Войны и политика в 1920 году поделили деревню Жеравино на две неравные части, болгарскую и сербскую. Края здесь диковатые и старинные, с античными и средневековыми городищами-раскопками. В летописях это поселение впервые упоминается в XIV веке, при Неманичах. В XVI столетии старательный мюлтезим (османский сборщик налогов) обнаружил в деревне 20 христианских и 15 мусульманских подворий. После антисултанского освобождения труднодоступная и малонаселенная область посередине балканской пустоты отошла Болгарии, но по окончании победной для сербов Первой мировой государственная граница сдвинулась к востоку. Столетие назад население деревни составляло несколько сотен человек, но теперь в болгарском Жеравине живут всего четверо (если кто-то из них не уехал или, не приведи Господь, не скончался за последнее время). Сербское Жеравино вчетверо многолюднее, но ни храма Божиего, ни врача в этой части деревни тоже нет. Молиться и лечиться граждане Сербии ездят в недалекий райцентр Босилеград, граждане Болгарии — в облцентр Кюстендил. Учиться и развлекаться они не ездят никуда, ведь в Жеравине остались одни старики, которые кормятся садом-огородом, пасекой, курами-козами, а летом балуют городских внуков крыжовником и дикой малиной.

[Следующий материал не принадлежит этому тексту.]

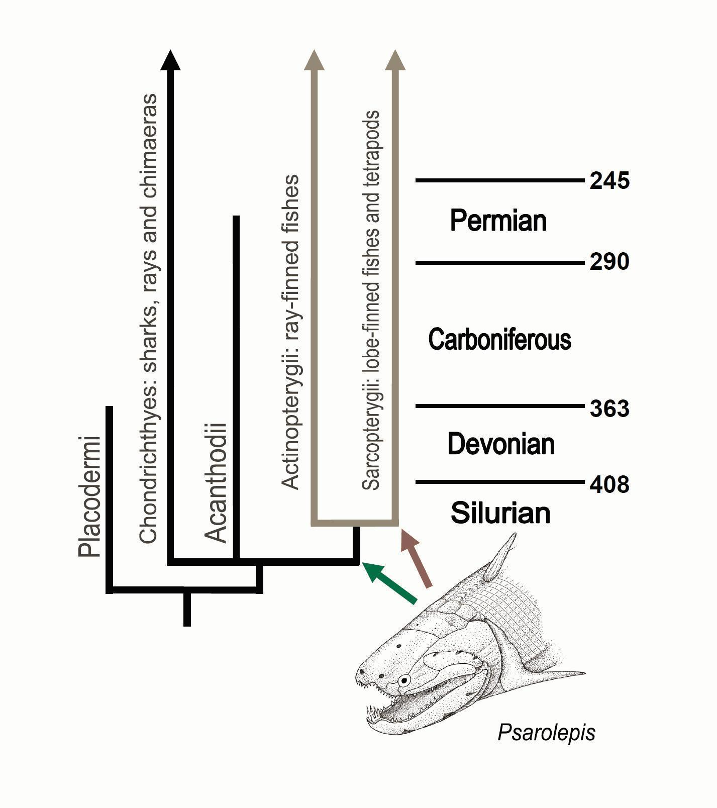 Phylogenetic analysis and the incongruous distribution of Psarolepis characters.
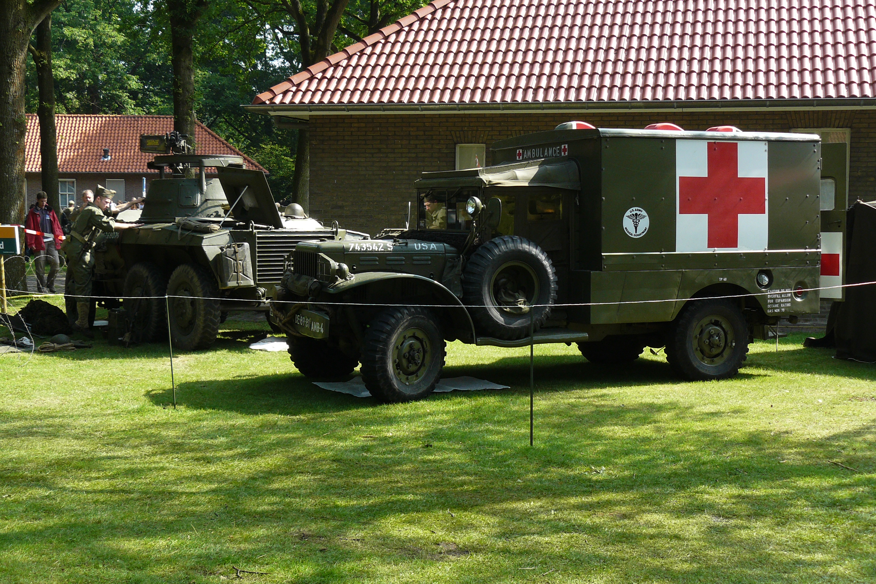 Dodge WC64 ambulance and a M8 Greyhound.
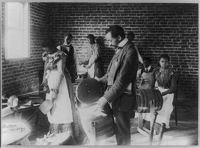 Students learning to make butter circa 1899
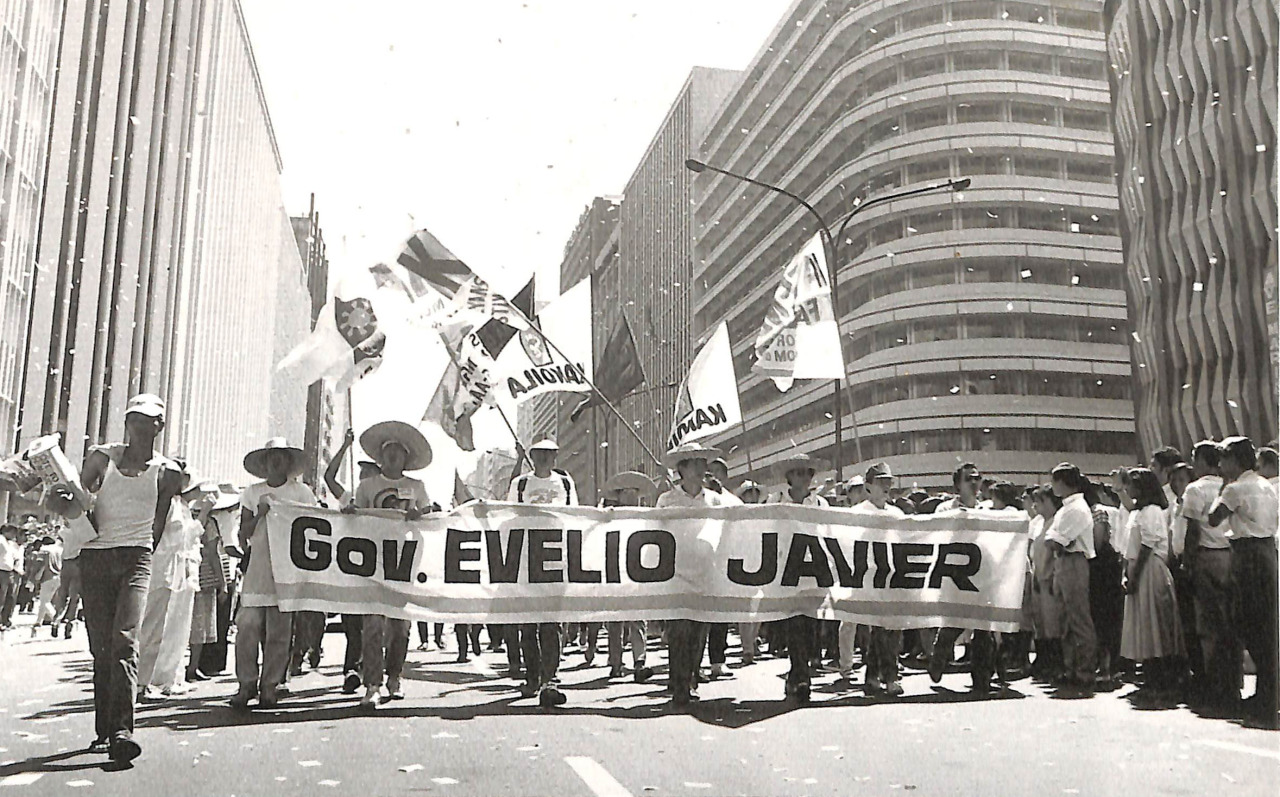 Men gathered in the streets days after Javier's death that contributed to the spark of the People Power

Жеравино, вычисленное мною по-научному, — типичная несчастливая деревня, которая, скорее всего, через три или пять десятилетий и вовсе исчезнет с балканской карты. Да, есть в силуэтах облупленных жеравинских домов из темного камня и обветшавших амбаров из подгнившего дерева неизбывная печаль. Время в Жеравине остановилось, дигитальные технологии в Жеравине не победят. Уж если говорить о хорошем, то тут дополна нетронутой природы на все четыре стороны, здесь никем, петухами даже, не пуганная тишина, здесь ключевая колодезная вода и каждую без исключения безоблачную ночь бездонное небо в пушистых звездах.